* [DATA SHOWN]:
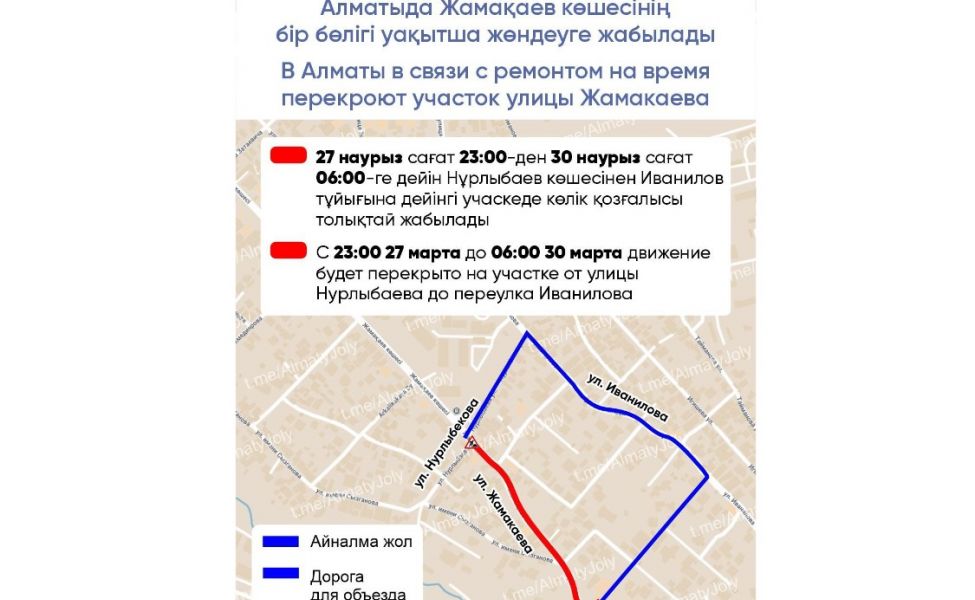 Напомним, вся информация касательно ограничения движений размещена в Telegram-канале @AlmatyJoly, в социальных сетях акимата, а также в сервисах 2GIS и «Яндекс карты».
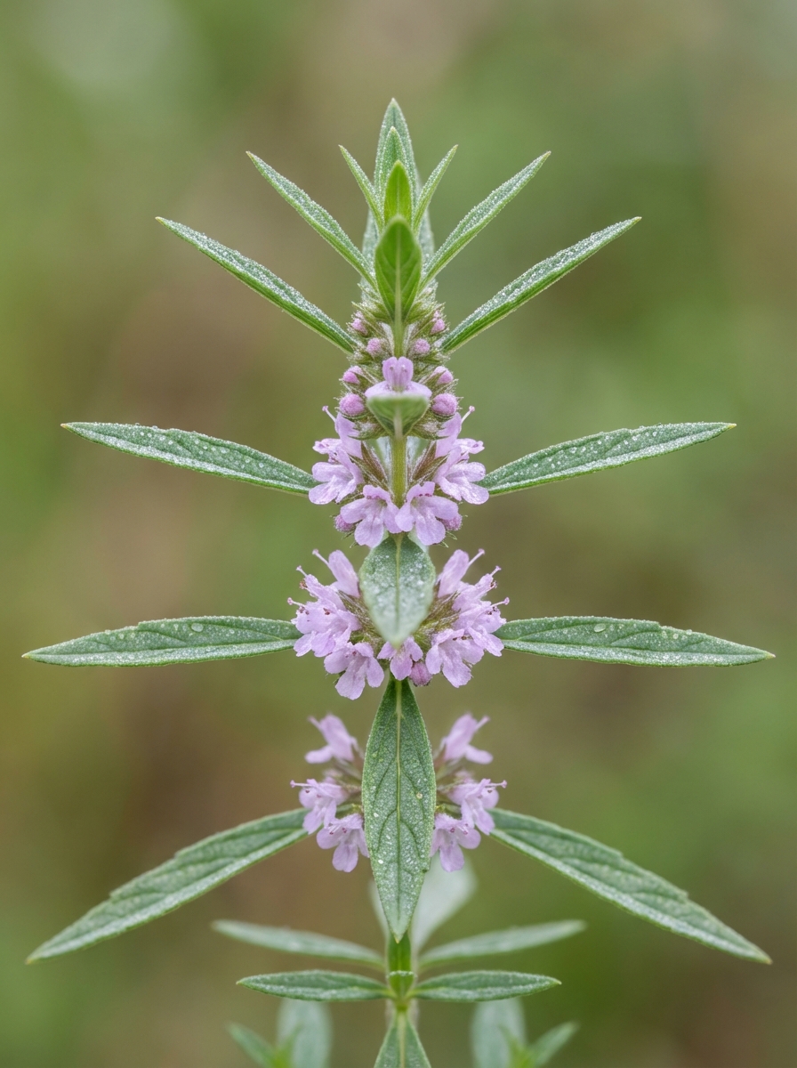 Les feuilles ressemblent à des pétales lavande, sont petites, lancéolées et de couleur gris-vert.
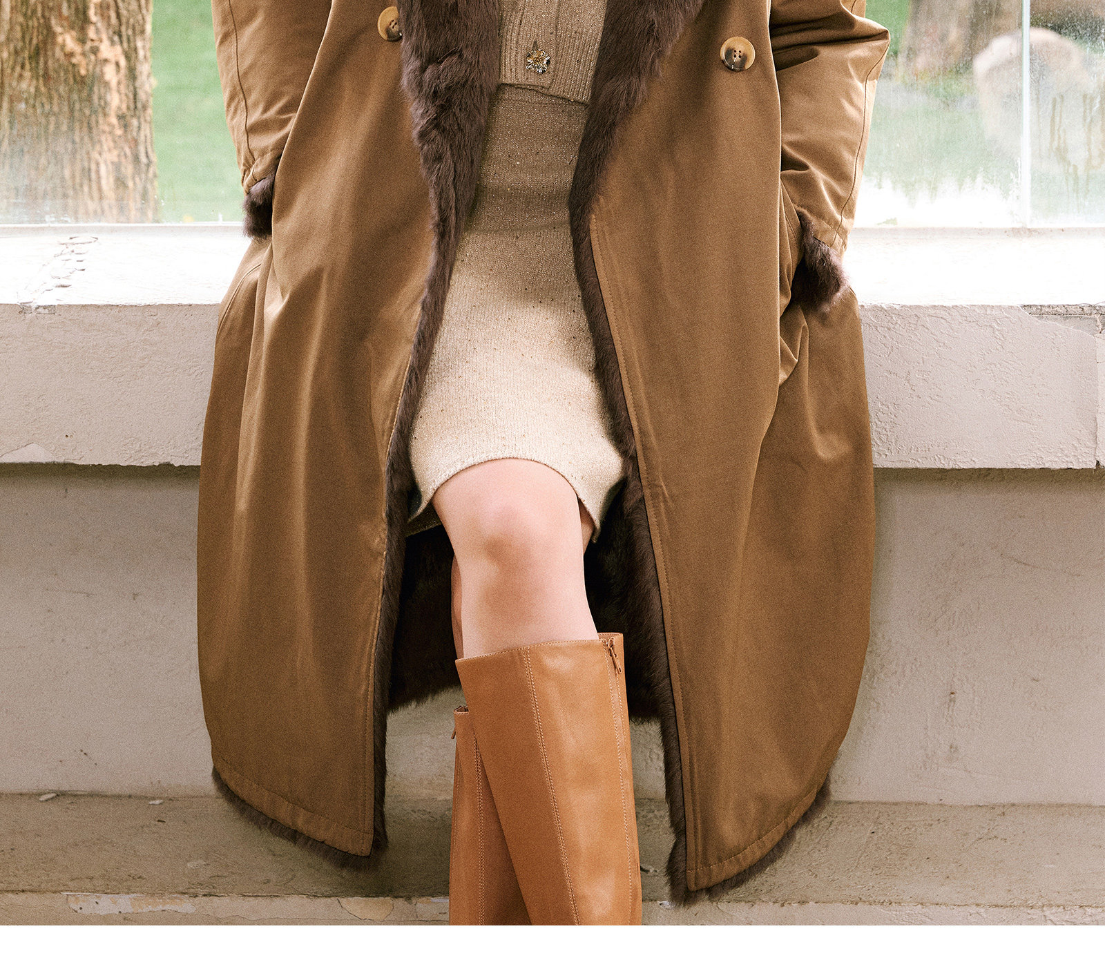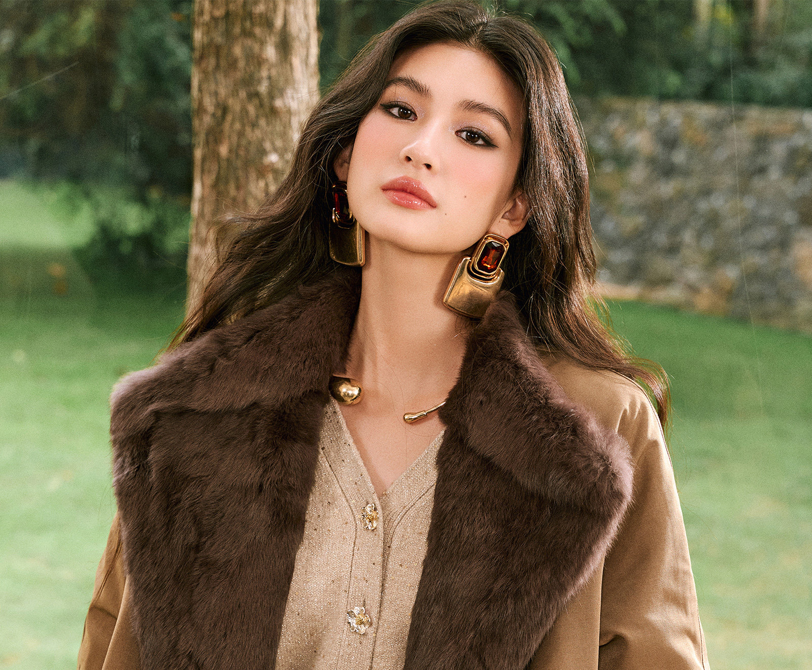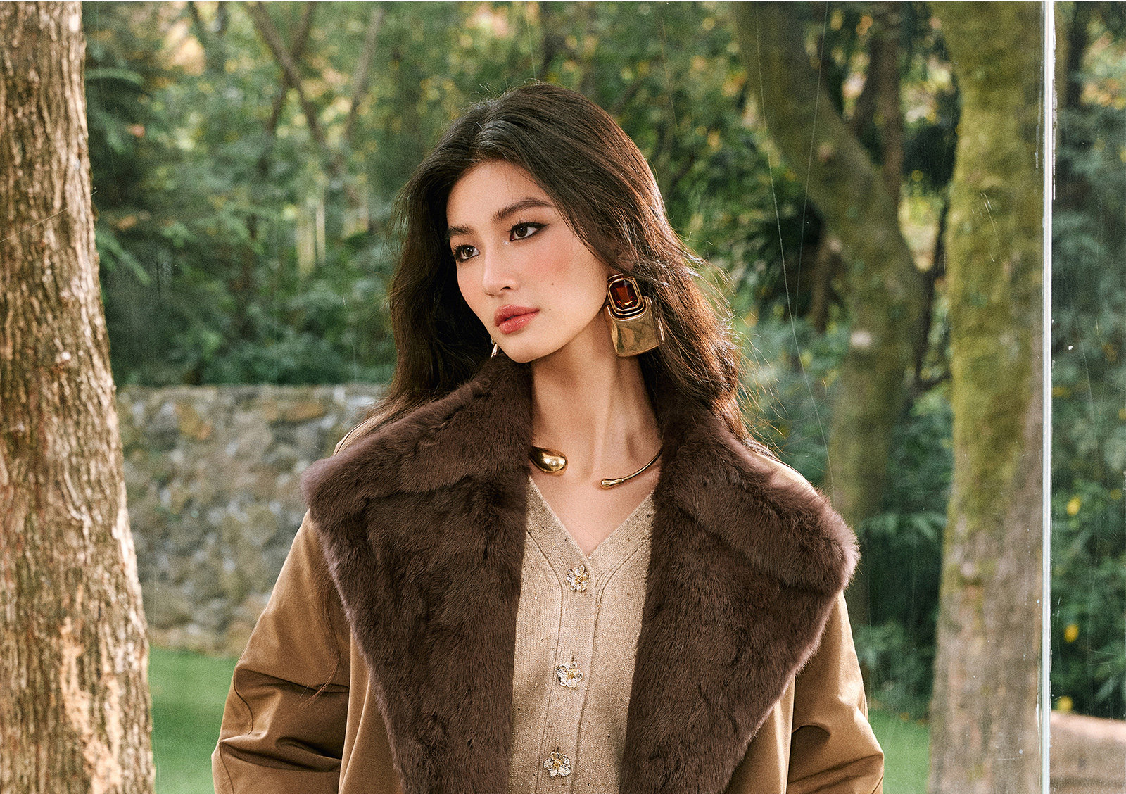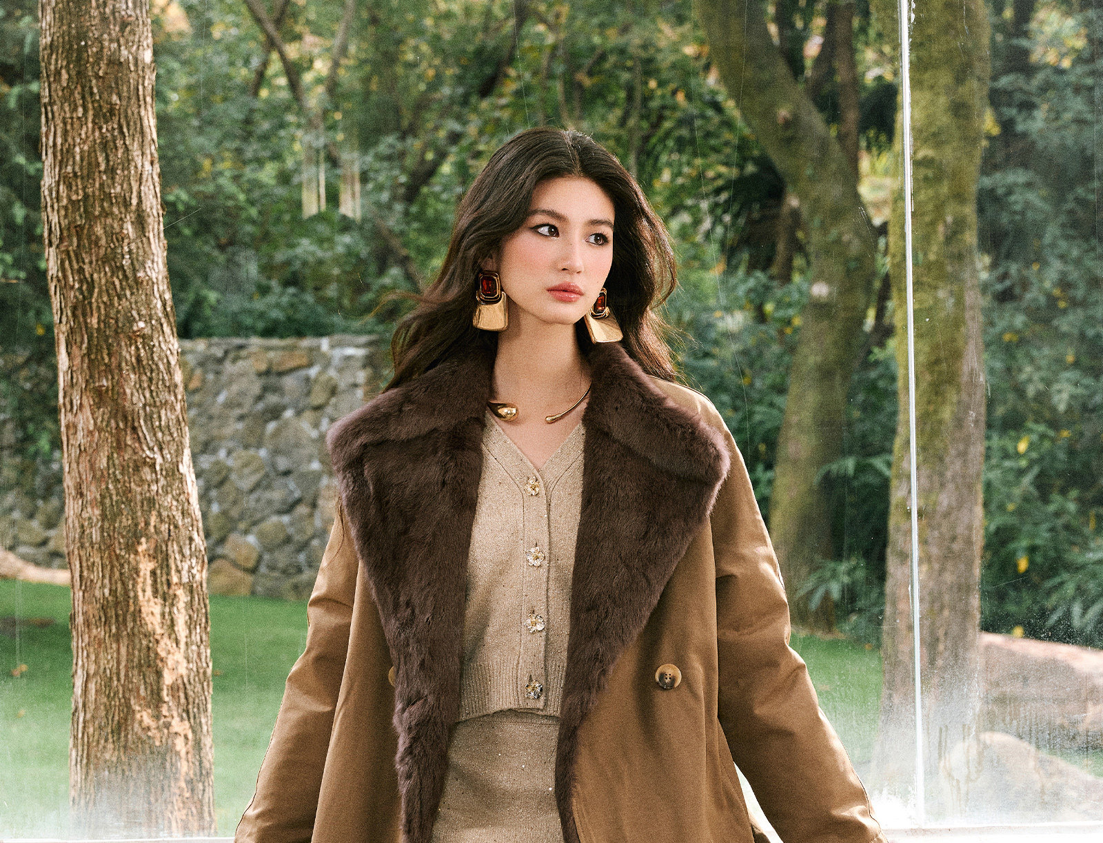 Wangxo|Heavyweight Full-Length Rabbit Fur & Crisp Cotton Material|Reversible Large Lapel Long Fur Coat

* [WHAT THE EXERCISE ASKS]: The material above should be returned exactly, without pictures.

* [SOLVED PROBLEM]:
 Напомним, вся информация касательно ограничения движений размещена в Telegram-канале @AlmatyJoly, в социальных сетях акимата, а также в сервисах 2GIS и «Яндекс карты».
 Les feuilles ressemblent à des pétales lavande, sont petites, lancéolées et de couleur gris-vert.
 Wangxo|Heavyweight Full-Length Rabbit Fur & Crisp Cotton Material|Reversible Large Lapel Long Fur Coat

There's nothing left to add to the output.